X – Y – Z

Bruno surdoue temoignage-10

(Suite du témoignage de Bruno, 58 ans)

En tant que zèbre, le fait d’être adopté donne un cadre très particulier. Toute ma vie, j’ai vécu ma différence, qui était évidente, persuadé qu’elle s’expliquait par l’adoption. Une sorte d’échappatoire mental, ou une justification facile permettant de me faire accepter sans difficultés. En même temps j’ai pensé mon adoption sous X en arborescence de zèbre, avec un foisonnement ingérable. Ça m’a pris la tête pendant des décennies. Ça a aussi accompagné une enfance pas très facile : mes échecs scolaires, mes difficultés à m’intégrer ou à me faire comprendre, je les mettais sur le compte de l’adoption.

Je n’ai eu aucune information sur mes parents biologiques (peut-être une origine Grenobloise), malgré mes recherches. J’ai passé des annonces dans des journaux, cherché sur des sites, fait des démarches auprès d’associations, tout ce qui existe. J’ai cherché, vraiment, parce que j’en avais un foncier besoin et ce besoin persiste. Cette différence fait que j’ai toujours été dans le doute pour tout. J’ai 4 enfants, et ma première fille était la première personne “de ma génétique” que je rencontrais. Ce qui est intéressant là dedans, c’est l’étonnant mélange avec l’aptitude qu’apporte la zébritude à ressentir, imaginer, se mettre à la place des autres etc. N’ayant pas de racines, je pouvais m’identifier à tout ce que je voyais, à tout ce que je côtoyais. Si tu nais corse ou parisien, tu sais à peu près d’où tu viens. Moi non ! J’ai donc adhéré à toutes les causes, à toutes les cultures. J’ai fantasmé tous azimuts. Imaginé tous les scénarios (pied noir, italien, juif, croisé danois/croate…), fabriqué et vécu toutes les histoires du monde.
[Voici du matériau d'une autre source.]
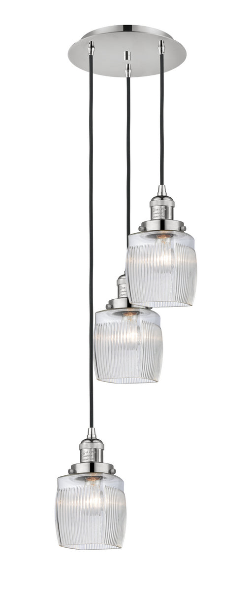 Colton - 3 Light - 12 inch - Polished Nickel - Clear Halophane Shade - Cord hung - Multi PendantDetails:Product Type: 3 Light ClusterFinish: Polish...
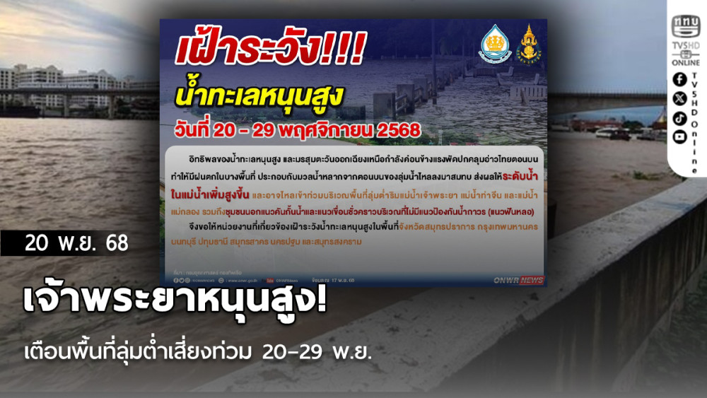 สนทช. เฝ้าระวังน้ําทะเลหนุนสูง 20–29 พ.ย. คาดแตะ 2 เมตร กระทบพื้นที่ลุ่มต่ําริมเจ้าพระยา–ท่าจีน–แม่กลอง เสี่ยงน้ําเอ่อท่วมชุมชนนอกแนวคันกั้นน้ําหลายจังหวัด
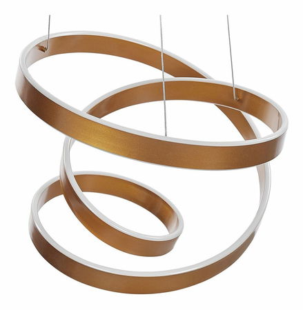 Tato elegantní a elegantní závěsná lampa se jistě hodí do každého interiéru, moderního nebo glam. Je vyroben z lehkého hliníku ohýbaného do složité spirály pro luxusní vzhled. Kousek se může pochlubit teplým zlatým povrchem, který zvýrazňuje jeho luxusní design. Lampa se dodává s LED světlem, průhlednými kabely a doplňkovým uzávěrem.
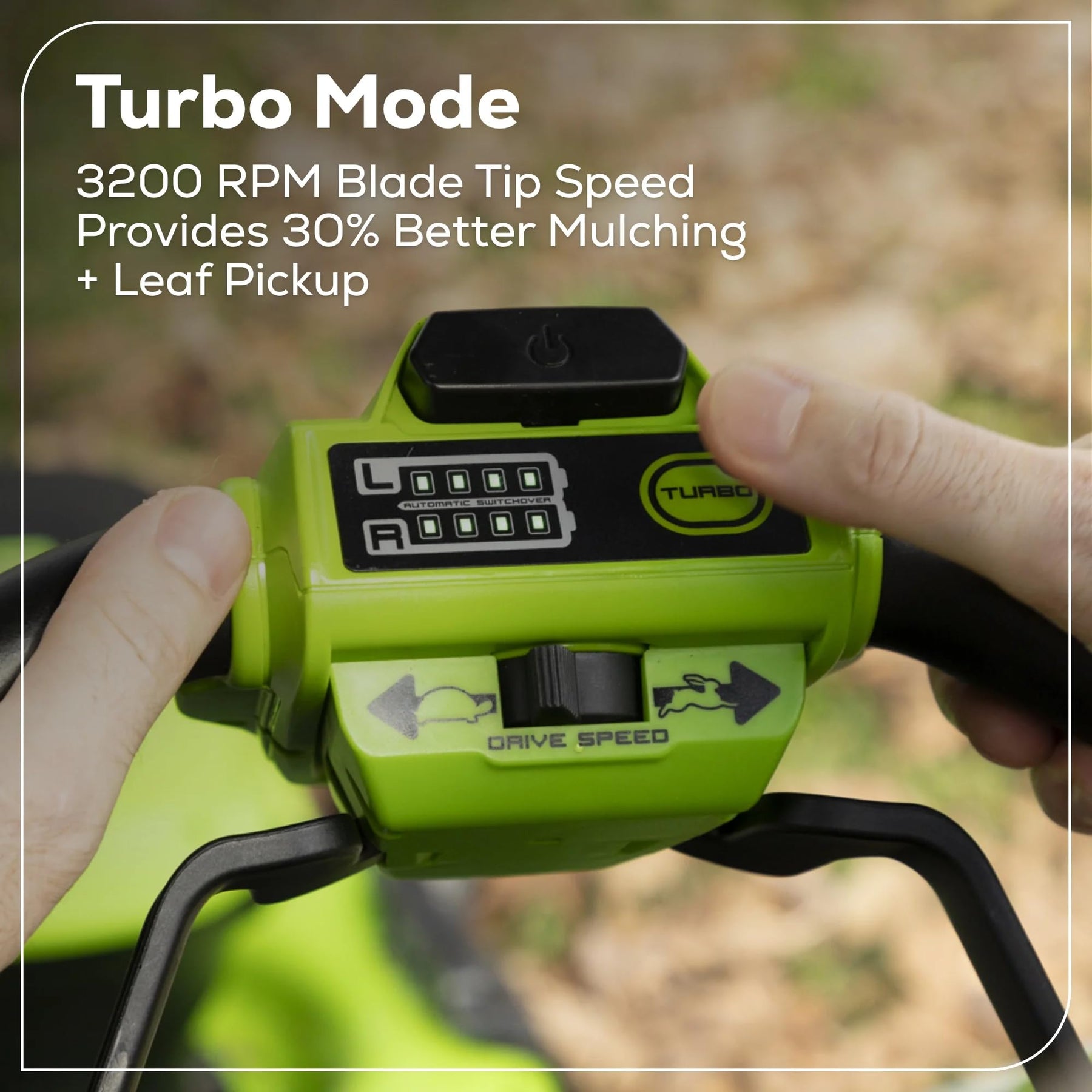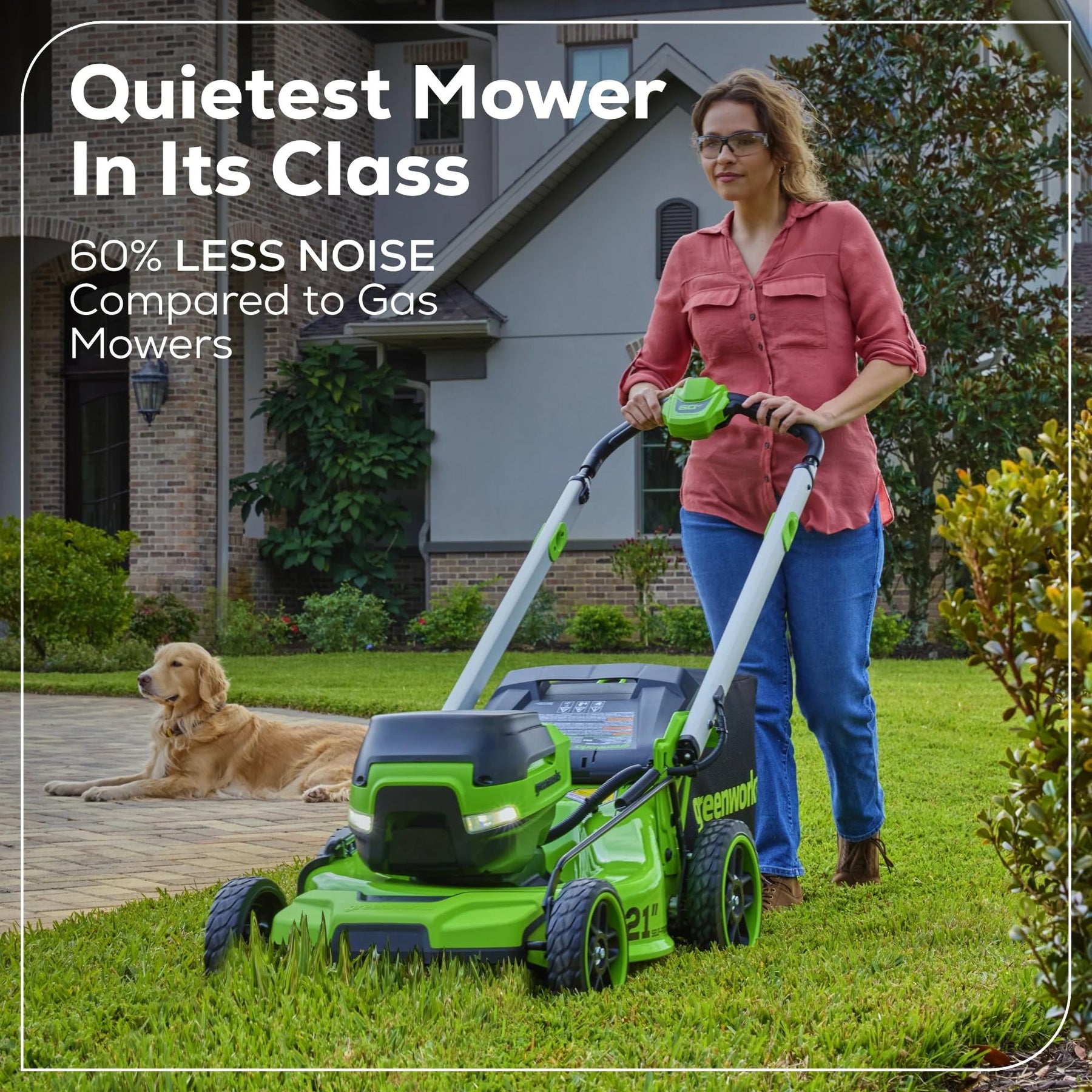 Powerful & Efficient Performance - Covers up to 1 acre on a single charge with a 100-minute runtime for both batteries to be fully charged. Quick 80-minute recharge time with the included charger—less downtime, more mowing. Enhanced Visibility & Convenience - Bright LED headlights provide optimal visibility for early morning or evening mowing sessions. Vertical storage, reducing storage space by up to 70% for compact garage or shed storage. Versatile 4-in-1 Lawn Care System - Choose your preferred cutting style: mulch, bag, side discharge, or turbo leaf pickup for a pristine lawn. Advanced Brushless Motor - The high-efficiency brushless motor provides superior power and extends the mower’s longevity. It ensures consistent performance, allowing you to tackle even the toughest mowing tasks with ease and reliability. Complete Ecosystem Value- Battery-powered lawn mower includes battery, fast charger, grass bag & 4 year tool + 4 year battery warranty Works with 75+ Greenworks 60V tools(trimmers, blowers, chainsaws...)—expand your cordless toolkit.

Ma famille adoptive était en partie d’origine bourgeoise. Mes parents étaient très ouverts, mais dans mon cheminement l’environnement bourgeois a été assez pesant. J’ai toujours eu de la distance avec ça, déjà parce que j’étais adopté, et puis en tant que zèbre, je n’ai jamais pu me contenter d’une fausse représentation et vision du monde, j’ai plutôt besoin d’aller vers la vérité et le fond des choses. Enfant, j’ai construit ma personnalité en sachant très tôt que mes parents n’étaient pas mes parents biologiques et même s’ils me disaient l’inverse, je me sentais leur “devoir” quelque chose. La culpabilité et la gêne que je portais, enfant, étaient renforcée involontairement par mon éducation chez les jésuites. Mon décalage était permanent ; à l’école aussi, par rapport à mes copains je me disais : “Tu n’y as pas droit ! Tu n’as pas le droit ! Tu n’as pas de droits !”. Je me sentais “en transit”, redevable. Je n’étais pas dans la clarté d’une pièce carrée, plutôt dans un no man’s land aux contours indécis. A l’école ou dans mon quartier bourgeois, je me vivais comme le fils du jardinier, égaré.